Les champignons et les bactéries qui ont achevé ton arbre peuvent survivre dans les résidus de substrat et contaminer le prochain occupant, d’autant plus si tu réutilises le pot pour un autre bonsaï. Brosse l’intérieur du pot avec de l’eau chaude et une goutte d’eau de javel, laisse sécher complètement au soleil plusieurs jours. Si le pot supporte la chaleur, un passage au four à 100 degrés pendant une heure stérilise tout. Pareil pour tes outils, une flamme rapide ou de l’alcool à 90°.

Tu peux conserver le pot, le plateau, les billes d’argile si elles sont propres. Mais jette le substrat dans les déchets verts, ne le recycle pas. Et ne te précipite pas pour racheter un bonsaï dans la foulée. Pense à ce qui a provoqué cette issue: trop d’eau, pas assez, un emplacement inadapté. Note‑le quelque part. Ça évitera de reproduire exactement le même scénario six mois plus tard.

Questions fréquentes

Mon bonsaï perd ses feuilles: est‑ce normal ou est‑il mort?

La perte de feuilles n’est pas un signe de mort en soi. Beaucoup de bonsaïs caducs ou semi‑persistants perdent une partie de leur feuillage à l’automne ou après un changement brusque. Ce qui compte, c’est l’état du tronc et des branches après la chute. Utilise les tests décrits plus haut avant de conclure.

Pour mieux comprendre pourquoi un bonsaï peut se déplumer soudainement, cette vidéo aborde les causes les plus courantes:

Comment savoir si son bonsaï est mort ou juste en dormance?

En dormant, l’arbre garde une certaine souplesse dans les rameaux et une écorce bien collée au tronc. Une petite griffure révèle du vert ou du crème. En revanche, un arbre mort a des branches cassantes, une écorce qui se détache facilement et un bois marron sec à l’intérieur. L’odeur de pourriture au niveau des racines est aussi un indice clair.

Comment faire repartir un bonsaï qui semble mort?

Il faut d’abord vérifier la présence du cambium vivant. Si c’est le cas, place l’arbre à bonne lumière indirecte, réduis les arrosages au juste nécessaire et n’apporte surtout pas d’engrais tant qu’une nouvelle pousse n’apparaît pas. Si le problème vient du substrat, un rempotage de sauvetage avec taille des racines pourries est la meilleure option. Patience: la reprise peut prendre plusieurs semaines, voire deux mois.
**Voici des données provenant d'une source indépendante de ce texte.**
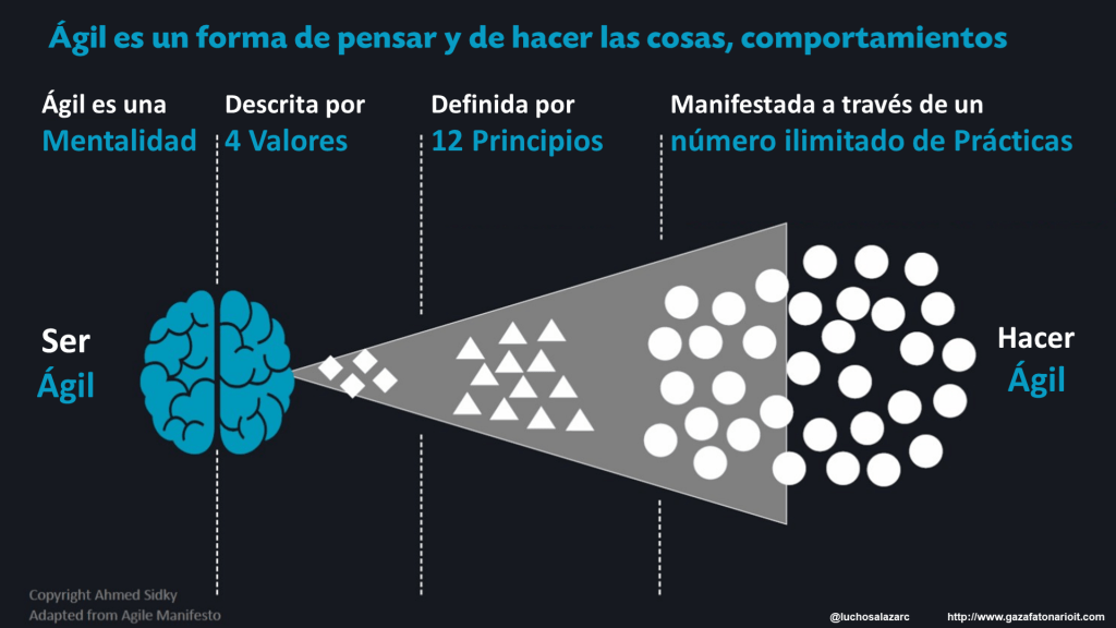 El pensamiento y el comportamiento ágil se funda en lo que conocemos como el Manifiesto Ágil, que enuncia cuatro valores, que conducen nuestro comportamiento de agilistas, intrínsecos a nuestra forma de pensar y de interpretar el mundo que nos rodea, de alguna manera subjetivos, emocionales y hasta debatibles. Pero valores al fin y al cabo. Los valores ágiles son importantes para nosotros y los practicamos incluso de manera inconsciente, sin ningún esfuerzo. Estos valores se complementan con doce principios, extrínsecos o manifiestos que nos ayudan a hacer objetivos los valores, a hacerlos más concretos, incluso impersonales y a poner esos valores en evidencia. Los principios ágiles son indiscutibles. Los valores ágiles se basan en los principios.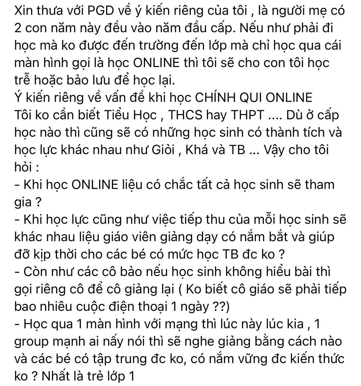 Phụ huynh này đã chỉ ra những bất cập khi học online như: Không đảm bảo tất cả học sinh sẽ tham gia, khả năng tiếp thu bài và học lực của mỗi học sinh khác nhau, giáo viên không kịp thời hỗ trợ, tình trạng mạng không ổn định, nhiễu loạn âm thanh gây mất tập trung, nhiều gia đình không đủ điều kiện kinh tế để trang bị thiết bị học cho con... Cuối bài viết, phụ huynh này bày tỏ mong muốn Phòng GD&ĐT dời thời gian nhập học đến khi dịch bệnh được kiểm soát.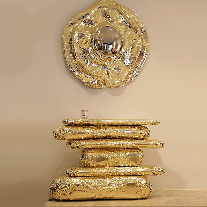 Необычный латунный входной столик, современный светлый, роскошный, декоративный стол для входа в виллу, дизайнерский мраморный входной столик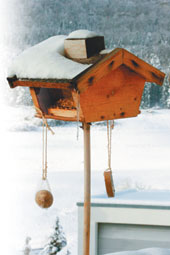 公公說每一年的冬天,在德國冷冽的氣候下,不管是會長留在德國的鳥,或是準備飛往溫暖南方的鳥類,要在零下十幾、二十度的低溫下找到食物是相當困難的一件事,所以鳥屋裡放了糧食,目的就是希望那些飛越過境的鳥兒們,能進來鳥屋內補給一下糧食,填飽肚子了才能在這冷冷的冬天存活下去。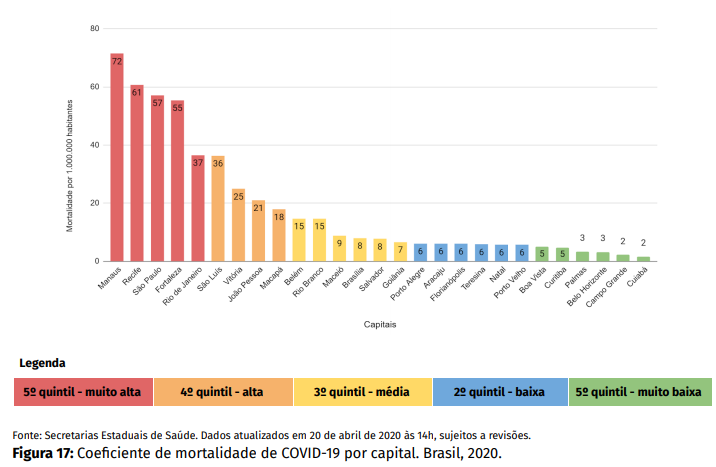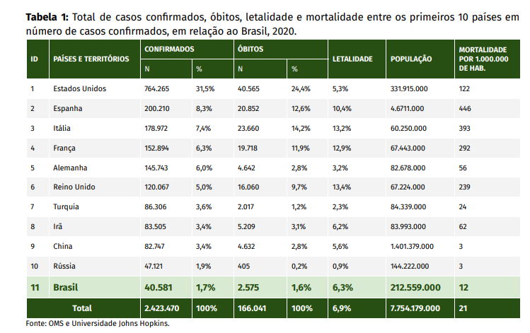 Todos os estados brasileiros registram casos e mortes por coronavírus. São Paulo concentra a maior parte das notificações, com 15.385 casos e 1.093 mortes. Rio de Janeiro aparece em segundo lugar, com 5.306 casos e 461 óbitos. A taxa de letalidade por coronavírus, atualmente, é de 6,4%.

Un bonsaï peut‑il repousser après avoir perdu toutes ses feuilles?

Oui, c’est même fréquent chez des espèces comme le ficus, l’orme de Chine ou certains érables palmatum. L’arbre met ses réserves dans le tronc et les racines, puis émet de nouveaux bourgeons quand la situation s’améliore. Tant que le bois n’est pas sec et que les racines ne sont pas intégralement pourries, il y a un espoir. Ne jette rien trop vite, et protège juste l’arbre du gel et du soleil direct le temps de la récupération.